In New York, she met American Pop Art giants Andy Warhol, Roy Lichtenstein, and Tom Wesselmann, all of whom helped spark Kogelnik’s fascination with new and developing technologies. Although known for her large-scale paintings, Kogelnik also dabbled in cut-out vinyl, fiberglass, glass, and print throughout her lifetime.
While Kogelnik’s work drew heavily from Pop influences, she rejected the movement’s roots in commercialism and objectification. Instead, Kogelnik chose to channel her developing feminist consciousness, offering commentary on the male-dominated art world and the use of women’s bodies in advertisement.
Superwoman (1973), part of NMWA’s collection, encapsulates Kogelnik’s trademark wit and criticism. Frustrated with the image of the hypersexualized damsel in distress presented in comic book media, she developed her own take on what a woman superhero would look like, freed from the male gaze. The harsh outline, static background, and intimidating pose embody traditional qualities of comic book art. However, the subject’s fatigues, boots, and demeanor are decidedly more androgynous than women in comics were typically afforded to be.
The piece may also be a self-portrait. Similar to the subject of the work, Kogelnik reputedly wore aviator hats and oversized sunglasses. The scissors are also a recurring symbol in Kogelnik’s work. They represent the artist’s ability to manipulate figures by “cutting” them from the fabric of the narrative. She also often created cut paper and vinyl stencils—modeled from herself or her friends—as a tool in her artistic practice. Fitting with Kogelnik’s tongue-in-cheek sense of humor, scissors could also be viewed as a reference to lesbianism—a popular topic in second wave and radical feminism.
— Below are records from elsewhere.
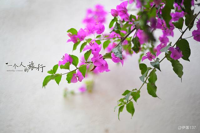 一束三角梅伸出来了,衬托米白色的墙壁,简单而美好。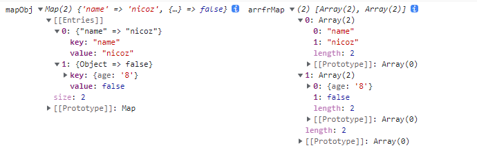 let mapObj=new Map() mapObj.set('name','nicoz') mapObj.set({age:'8'},false) // 可将其转为一个二维数组,数组长度为map的size, // 二维数中每一项为key,value组成的长度为2的数组 let arrfrMap=[...mapObj] console.log('mapObj',mapObj,'arrfrMap',arrfrMap)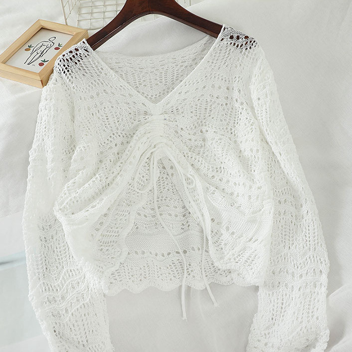 봄과 여름 유럽과 미국의 섹시한 뜨거운 여자 긴팔 니트 중공 블라우스 v 넥 드로스트링 자외선 차단 짧은 풀오버 얇은 스웨터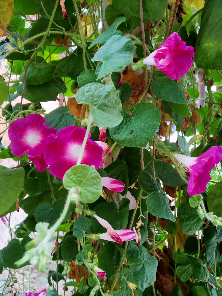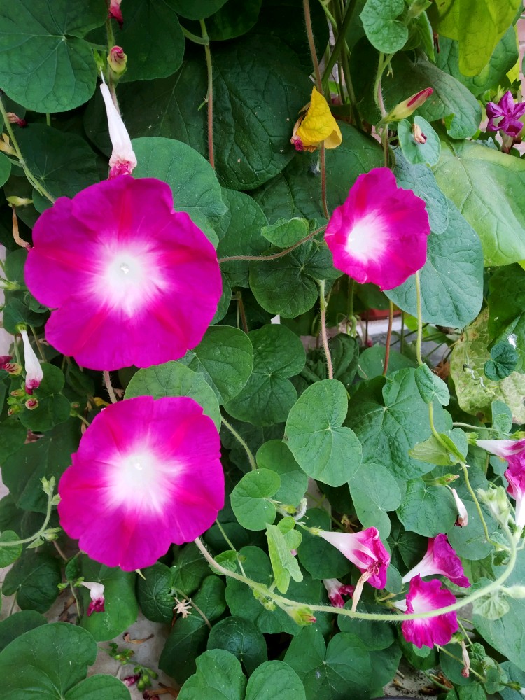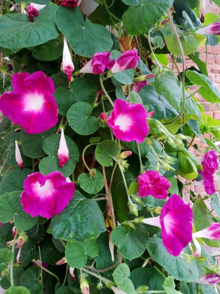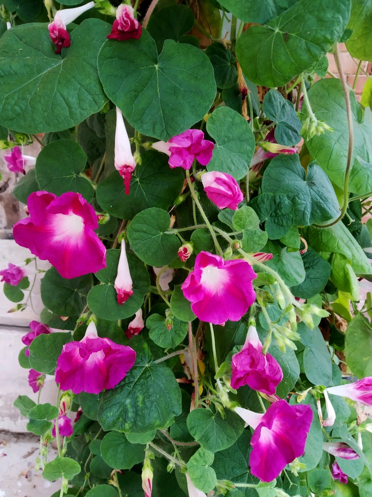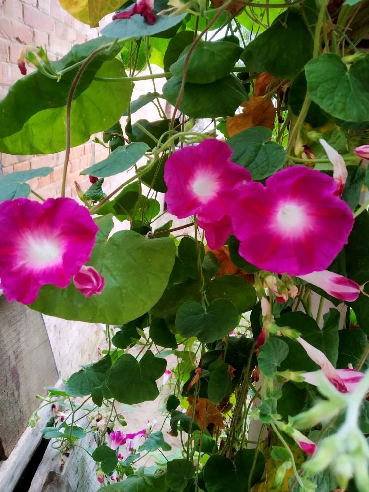 这颗以前叶子很旺的牵牛花,被我把缠在它身上的小野花扒掉后,一直不旺,开花也零零星星的,这几天又恢复了元气,开出巨量的花朵,单朵也很大: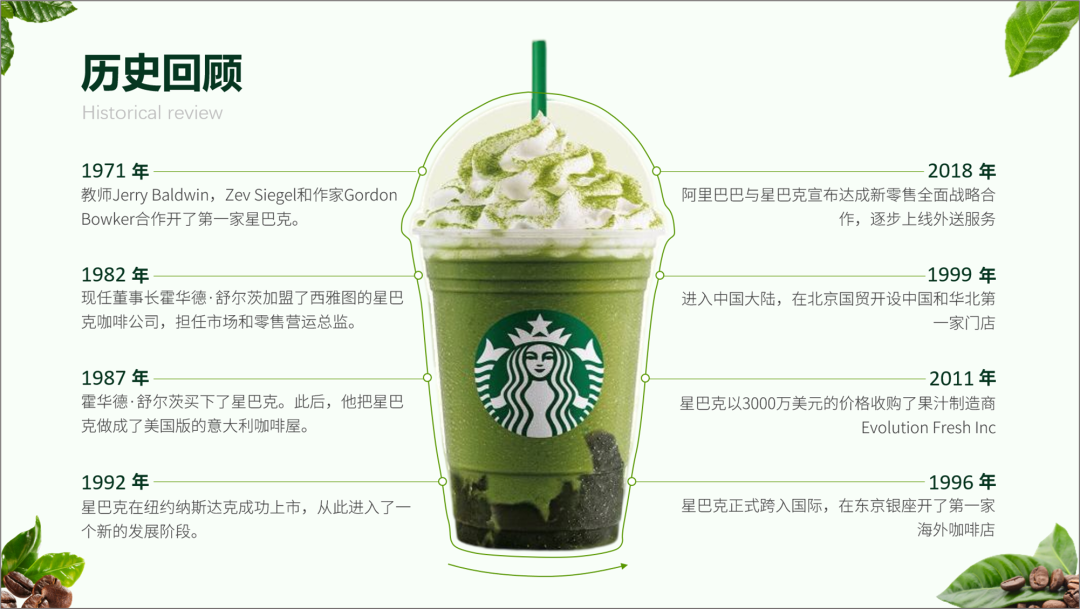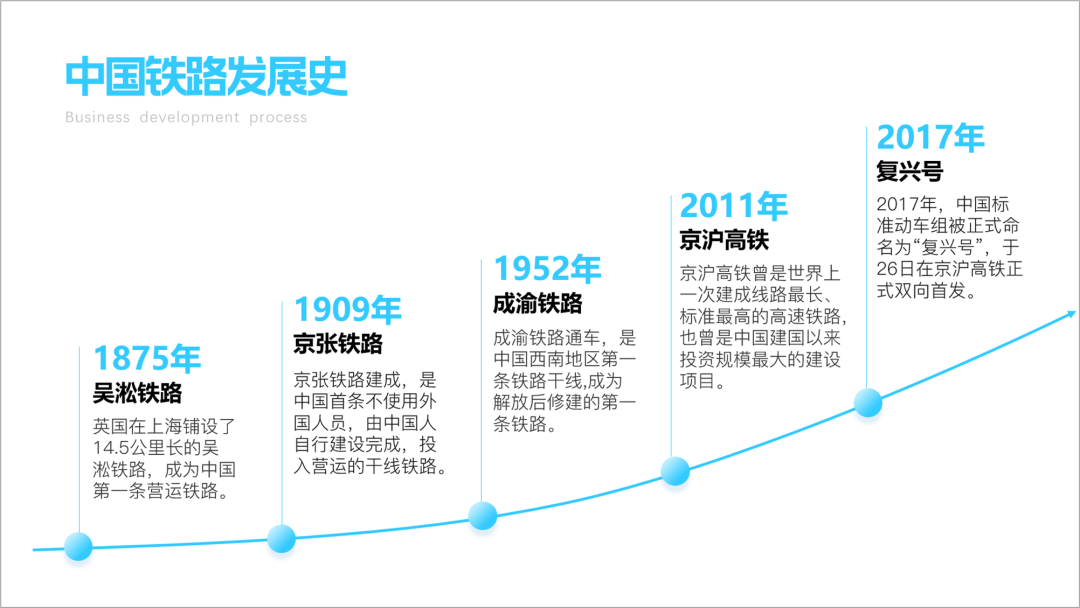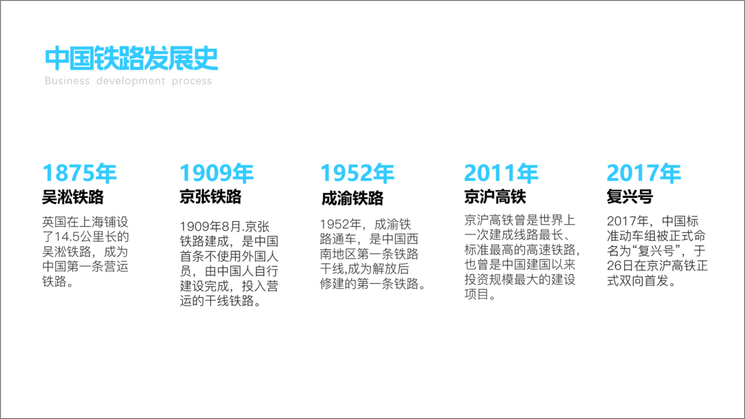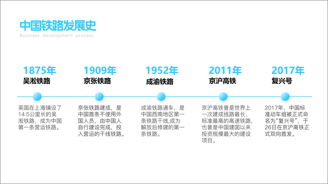 这页PPT就缺乏可视化的概念,他这就不是时间轴,属于大段文字的堆砌,一点不直观。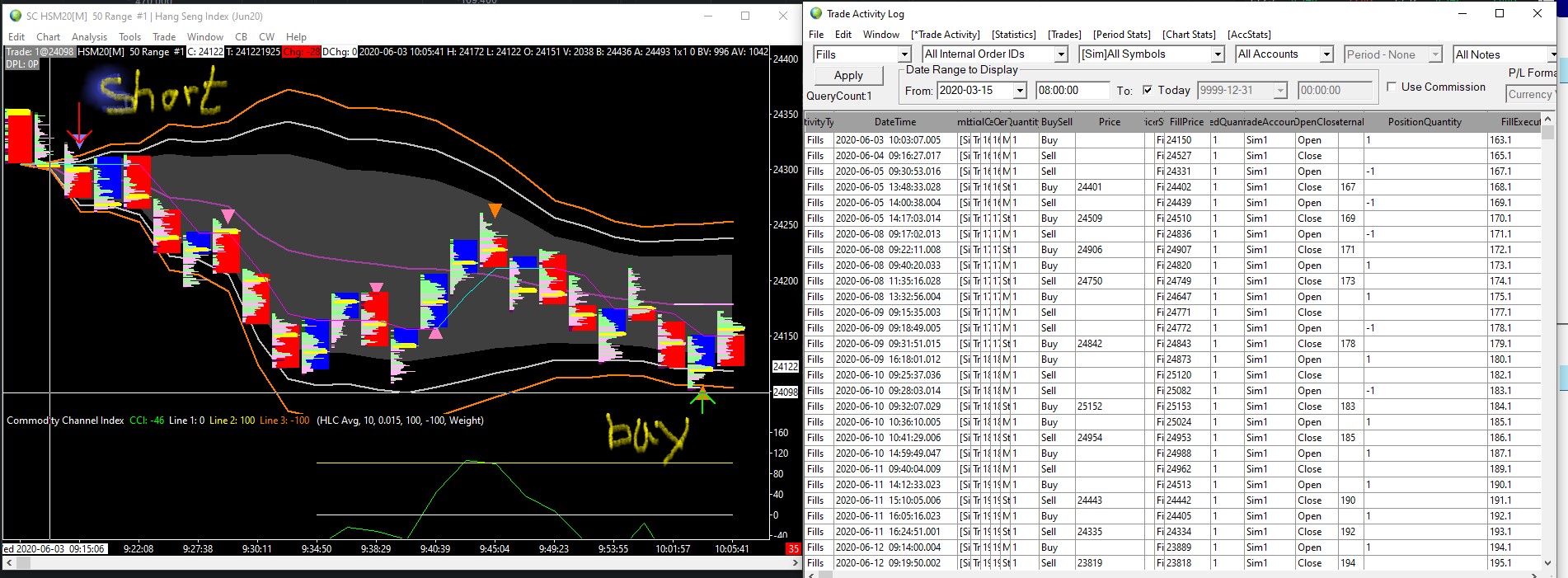 Hi, I just started using Sierra Chart not too long ago. Please don't mind I'm getting help on following issues as I found it difficult to dig out exactly what I want from the past posts. I am working on spreadsheet for trading and I've successfully set up the "buy entry", "buy exit", "sell entry" and "sell exit" rules. The "buy" and "sell" arrows are displayed correctly on the chart. However, when I look further to the "trade activities", (please see images attached) the trades don't match the buy/sell signals. On Image1, I should enter a short position around 9:15 but in "trade activity" my first trade is a buy at 10:03 (which is my second trade on Image1). It just skipped the first trade. Image2, is continuation and around 14:00, I should get a sell signal but it skipped again. I suppose with the long position I'm in, I already have a "buy exit" setup in excel which is Last Price > VWAP Band and should have got me out of the trade already. So the problem I'm having is that the "buy exit" condition does not get me out of the position and some of the buy/sell signals were completely skipped. Furthermore, I have other questions relating to automated trading 1. How to place Stop buy order? I notice at J71 there's M,L,S etc. but how do I use it if I want to specify to Buy Stop at (Low of this bar + 30 points)? 2. I've read the Attached Order function and got basic understanding of it. For my system, all I need is a general stop loss and trailing stop. But at the same time, I would like to use my condition in "buy exit" to take loss or take profit. How do I use both at the same time? Or are they mutually exclusive? If I use Attached order, I must stick with the set of profit target, Stop loss, Trailing Stop etc.? 3. I would like to enter 4 contracts at once and exit each by different targets. How can I do that? Really appreciate it if you can answer my questions. I've been stuck for a few days and I would like to move on asap. Thanks |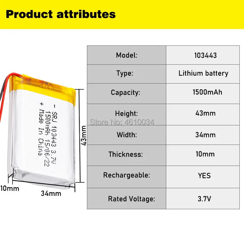 Литий-полимерный аккумулятор высокой емкости 103450 3,7 в 2000 мАч ...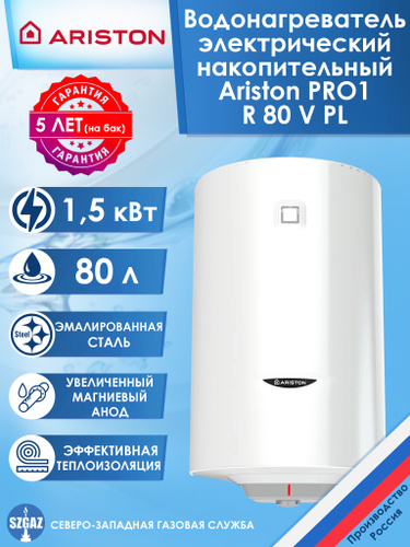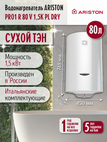 Водонагреватель электрический Ariston PRO1 R DRY 80 V 1,5K PL (1,5 кВт, кругл, СУХОЙ ТЭН), 3700622
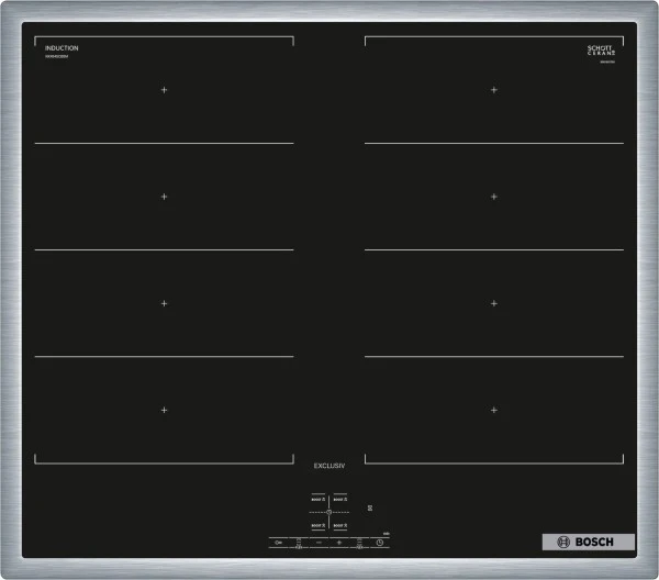 - 2 FlexInduktions-Zonen: Verwenden Sie Kochgeschirr beliebiger Form und Größe innerhalb der 40 cm langen Zone.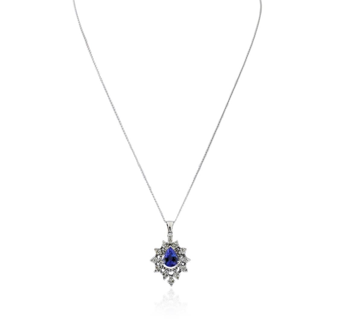 One electronically tested 14KT white gold ladies combination cast & assembled tanzanite and diamond pendant & chain 18.0" long, thin oval link with a spring ring clasp with a bright polish finish. Identified with markings of "14K". Condition is new. Containing: One prong set pear modified brilliant cut natural tanzanite, measuring 9.40 x 7.60 x 5.79mm, approximate weight of 2.77ct., clarity is eye clean, type I, medium light, very slightly grayish, bluish violet color, (GIA bV 4/3), cut is good. Fifty-Five prong set round brilliant cut diamonds, measuring 1.70 - 1.50 x 0.96mm (depth est.) approximate total weight of 55 Stones = 0.82ct. Clarity: SI-2 to I-2. Color: J - K, Cut is Good. Diamonds and colored gemstones are graded in the mounting, unless otherwise stated. Colored gemstones are presumed to have been subjected to commonly used enhancement processes. Total Weight of Colored Stones 2.77ct. Total Weight of Diamonds 0.82ct. Total Weight of Pendant & Chain 6.20 grams. GGL Appraised at $3,305.00.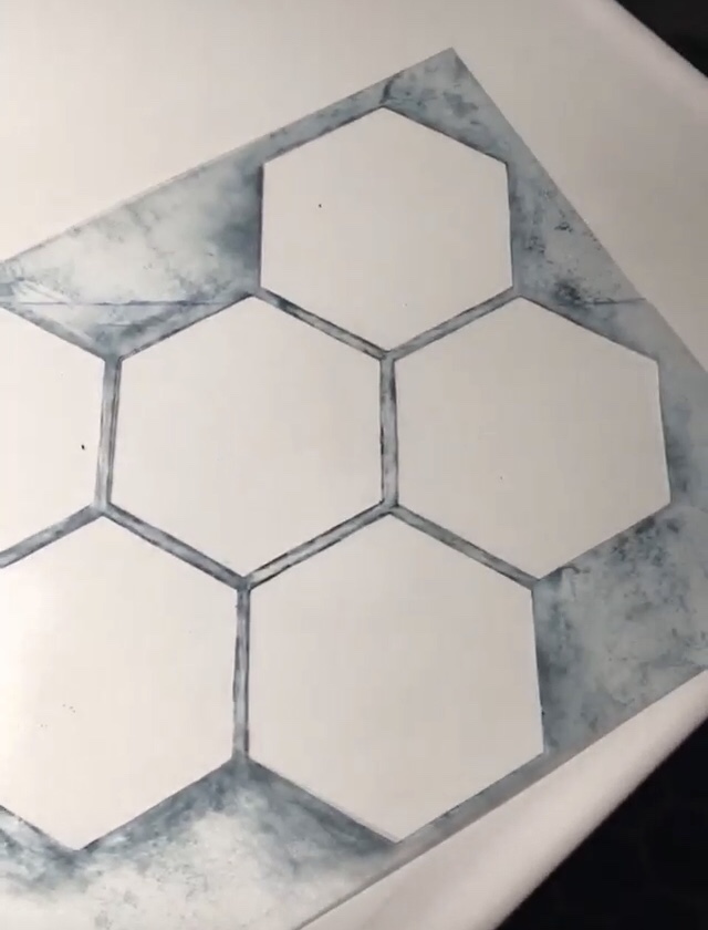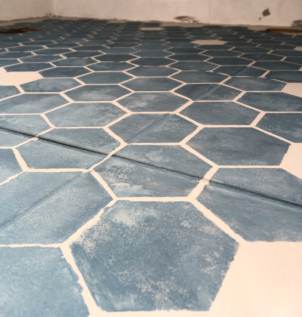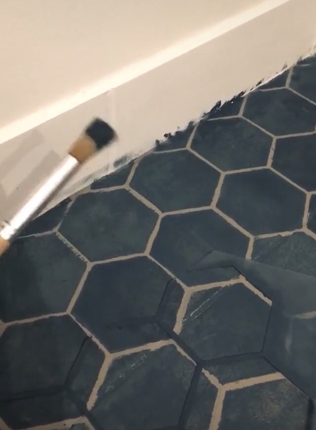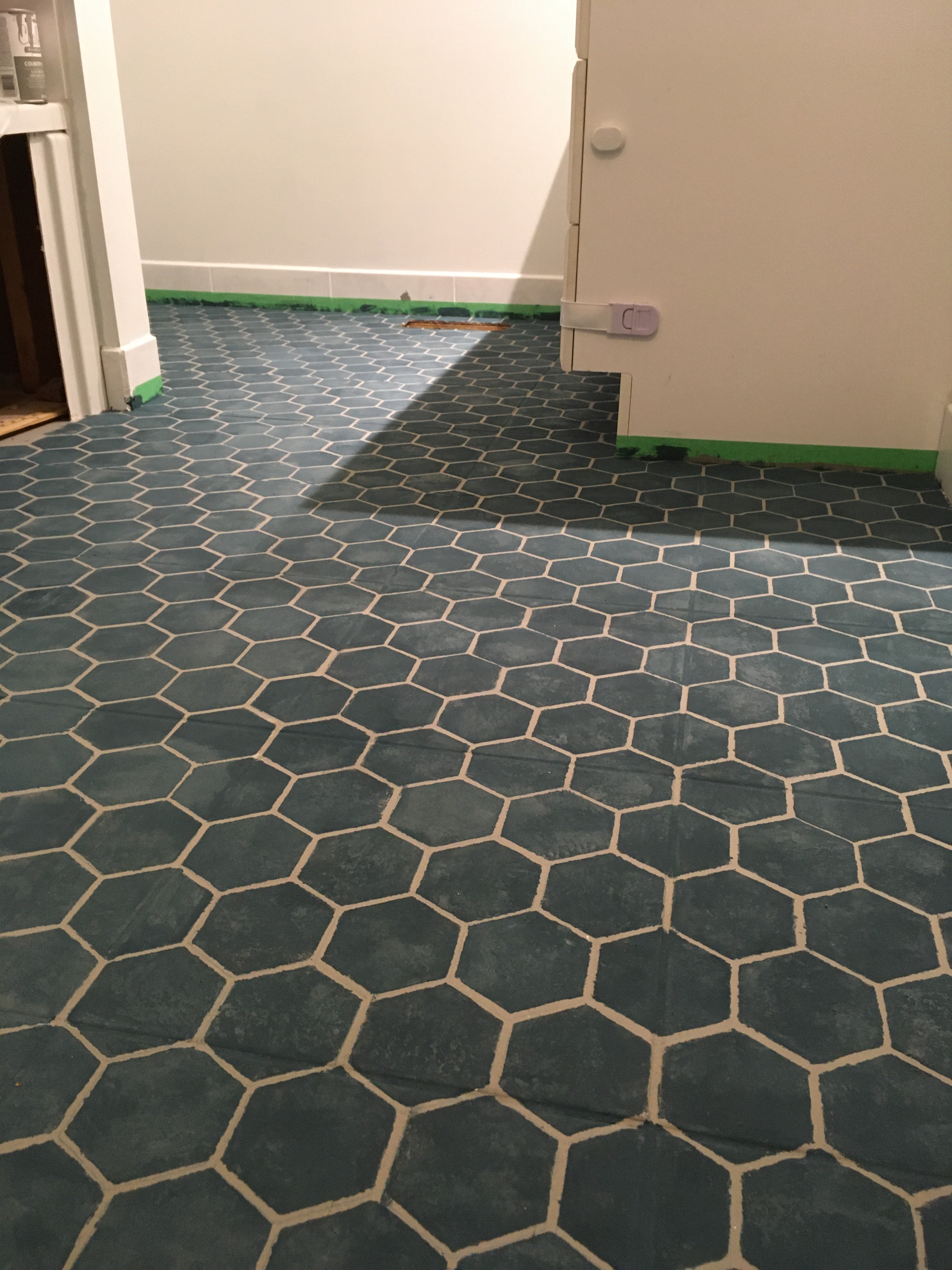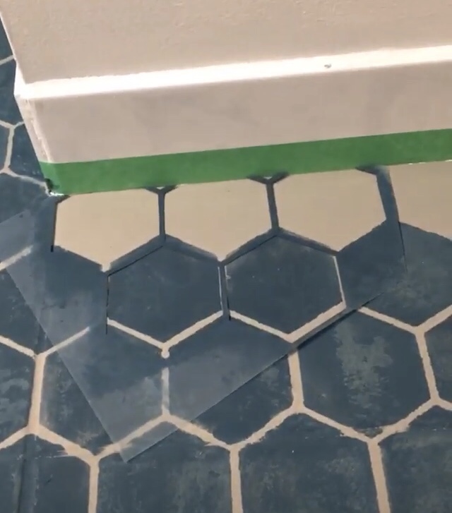 Since I only had one stencil to work with, I started with the wall edge that needed a line of near complete hexagons and cut my stencil accordingly. I had to use a small paint brush to reach the corner where the floor meets the wall because my small roller wasn’t doing the job.
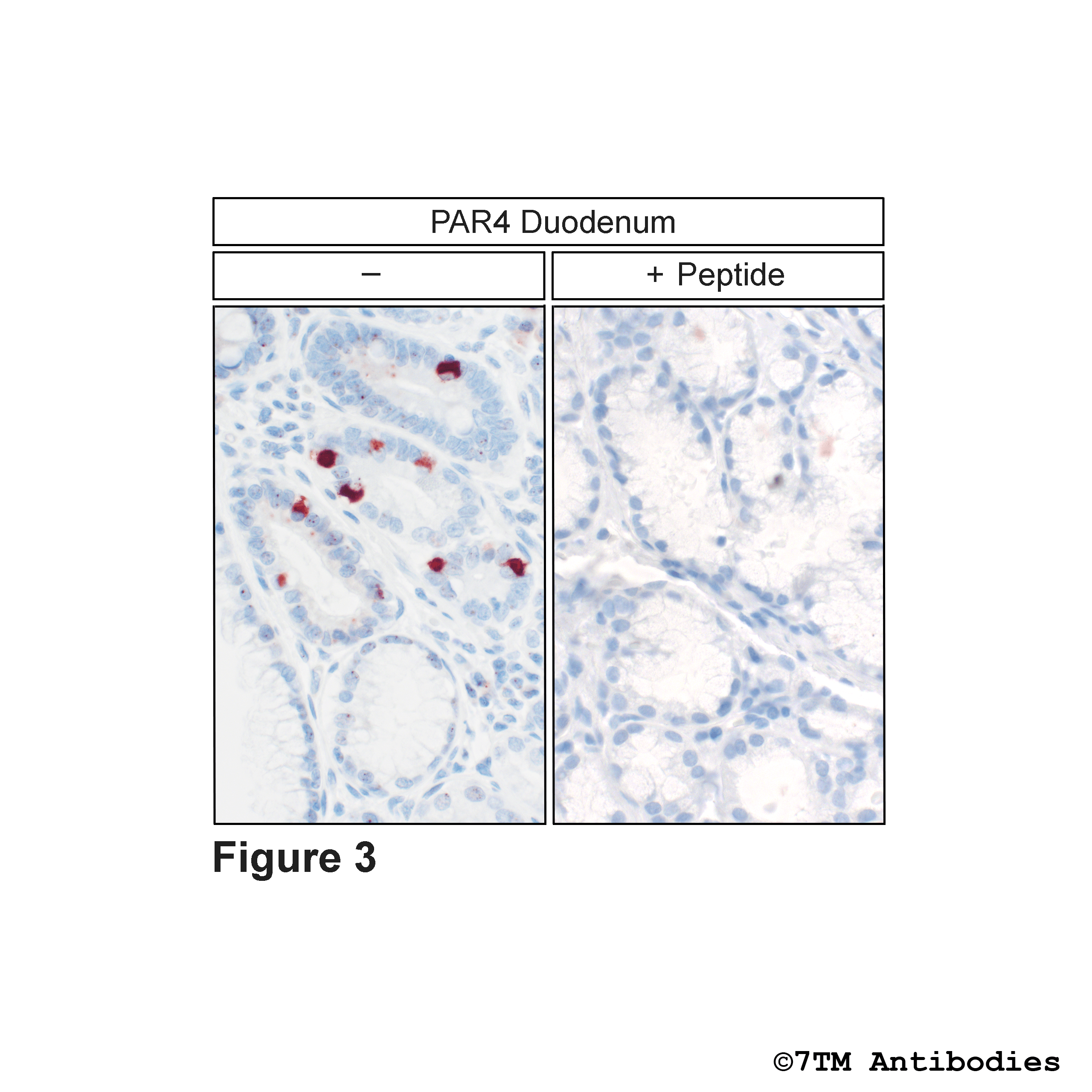 The non-phospho-PAR4 receptor antibody is directed against the distal end of the carboxyl-terminal tail of human Proteinase-Activated Receptor 4. It can be used to detect total PAR4 receptors in Western blots independent of phosphorylation. The PAR4 antibody can also be used to isolate and enrich PAR4 receptors from cell and tissue lysates. It also detects PAR4 in cultured cells and tissue sections by immunohistochemistry.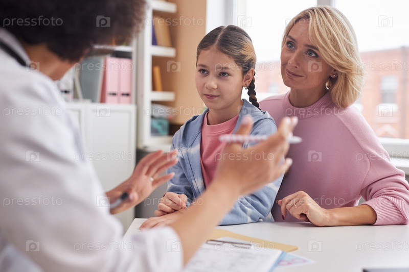 Мать и дочь, посещающие врача в клинике

Kogelnik’s work also frequently features machinery, which took her style another step away from conventional Pop Art. Kogelnik once said, “I’m not involved with Coca-Cola. I am involved with the technical beauty of rockets, people flying in space, and people becoming robots.” Her work often juxtaposed humanity and machinery, underscoring the fragility and unsustainability of the human form—particularly in comparison to the ceaseless evolution of technology.